[[ INPUT RECORDS, beginning ]]
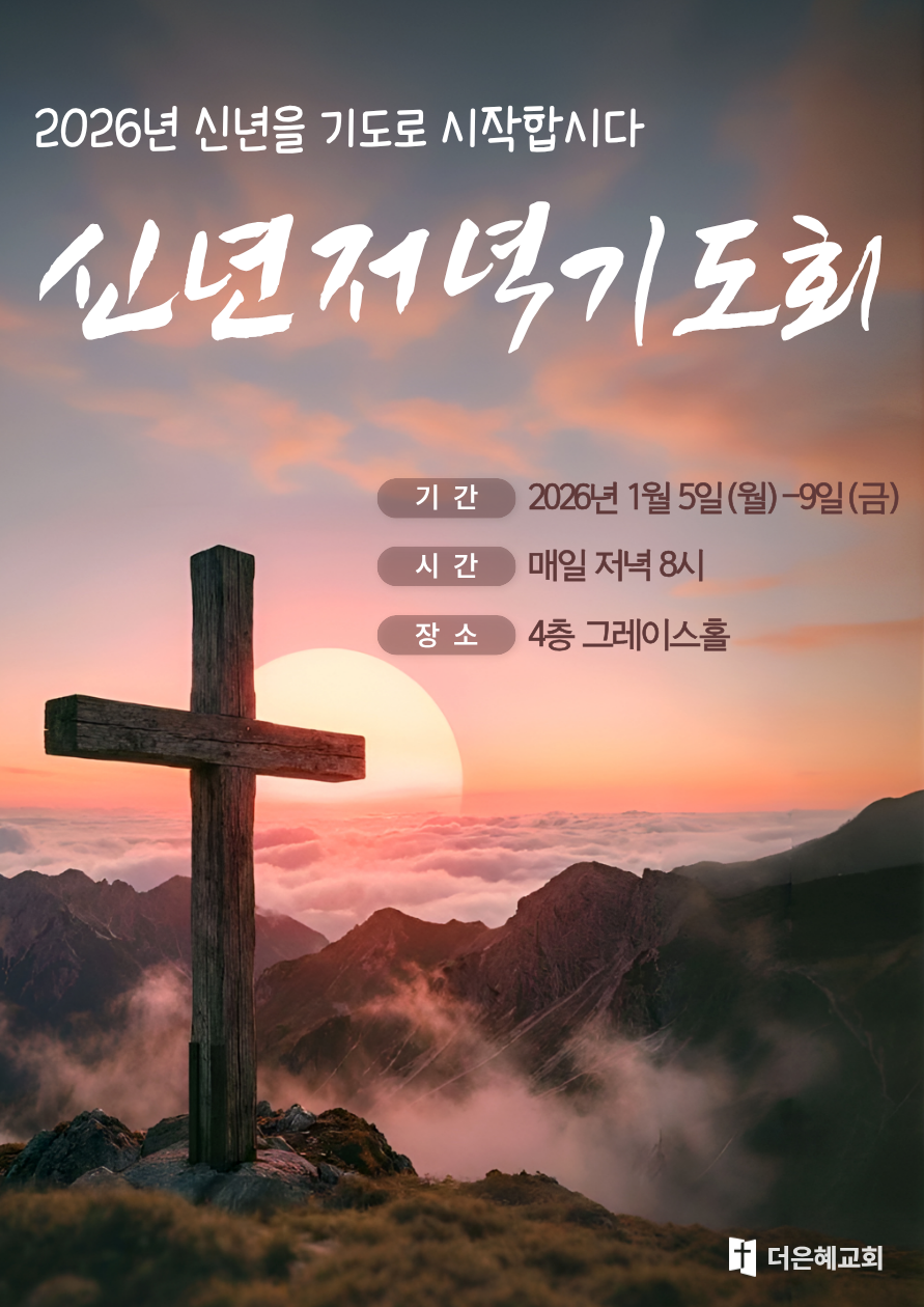 신년저녁기도회는 2026년 1월 5일(월)부터 9일(금)까지 저녁 8시, 4층 그레이스홀에서 진행됩니다.
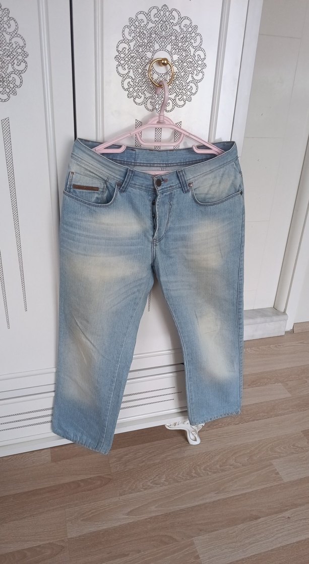 Gündelik kullanım için rahat, desen içermeyen loose fit kısa boy mavi denim pantolon. Sokak stiline uygun.
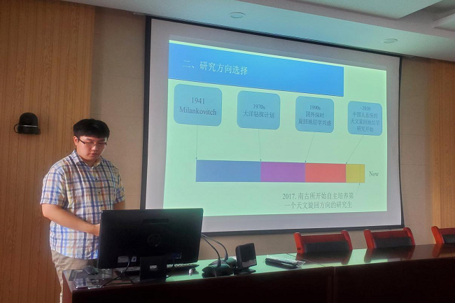 2020年9月29日下午四时,yl88858永利官网邀请中国科学院南京地质古生物研究所硕士薛乃华进行了题为“天文旋回地层学研究的阶段性进展”的报告。薛乃华是我院地球物理学专业13级的优秀校友,是国内较早开始研究深时天文旋回地层学的一批人之一,硕士期间发表多了篇高水平论文,将赴比利时布鲁塞尔自由大学攻读博士学位。报告会由地球物理系主任丁仁伟老师主持,yl88858永利官网部分师生参加。
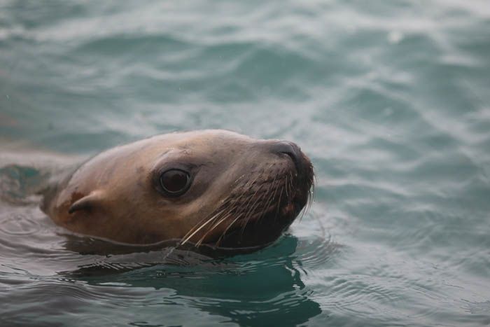 Waves and upwelling water at the Inian Islands took everyone for quite a ride this morning! All of the wildlife were feasting and taking advantage of the ripping currents. We saw diving birds, sea otters crunching on crabs, Stellar sea lions thrashing salmon into bits, and humpbacks surfacing all around. The afternoon brought more mist and smiles as hikers explored Fox Creek and kayakers cruised the coastline.
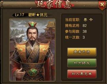 点击任意外交系统里面的任意玩家,都可查看该玩家的信息。等级,官职,参与局数,统一次数,武将数量均可查看。从其个人信息,可判断其实力强弱,点击查看武将按钮,可查看该玩家的武将阵容。、
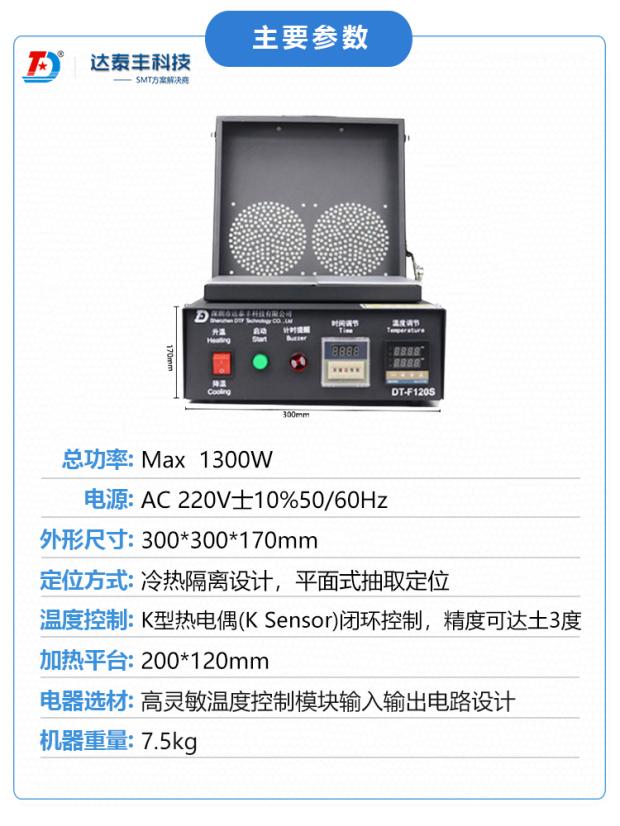 2014年經公司測試使用,更改設計,面板上把散氣孔改為可裝散熱風機的散熱吸所孔。改型:DT-F120S
[[ INPUT RECORDS, end ]]
## PROBLEM DESCRIPTION
All entries above should be returned exactly, apart from their pictures.

## WRITTEN ANSWER
 신년저녁기도회는 2026년 1월 5일(월)부터 9일(금)까지 저녁 8시, 4층 그레이스홀에서 진행됩니다.
 Gündelik kullanım için rahat, desen içermeyen loose fit kısa boy mavi denim pantolon. Sokak stiline uygun.
 2020年9月29日下午四时,yl88858永利官网邀请中国科学院南京地质古生物研究所硕士薛乃华进行了题为“天文旋回地层学研究的阶段性进展”的报告。薛乃华是我院地球物理学专业13级的优秀校友,是国内较早开始研究深时天文旋回地层学的一批人之一,硕士期间发表多了篇高水平论文,将赴比利时布鲁塞尔自由大学攻读博士学位。报告会由地球物理系主任丁仁伟老师主持,yl88858永利官网部分师生参加。
 Waves and upwelling water at the Inian Islands took everyone for quite a ride this morning! All of the wildlife were feasting and taking advantage of the ripping currents. We saw diving birds, sea otters crunching on crabs, Stellar sea lions thrashing salmon into bits, and humpbacks surfacing all around. The afternoon brought more mist and smiles as hikers explored Fox Creek and kayakers cruised the coastline.
 点击任意外交系统里面的任意玩家,都可查看该玩家的信息。等级,官职,参与局数,统一次数,武将数量均可查看。从其个人信息,可判断其实力强弱,点击查看武将按钮,可查看该玩家的武将阵容。、
 2014年經公司測試使用,更改設計,面板上把散氣孔改為可裝散熱風機的散熱吸所孔。改型:DT-F120S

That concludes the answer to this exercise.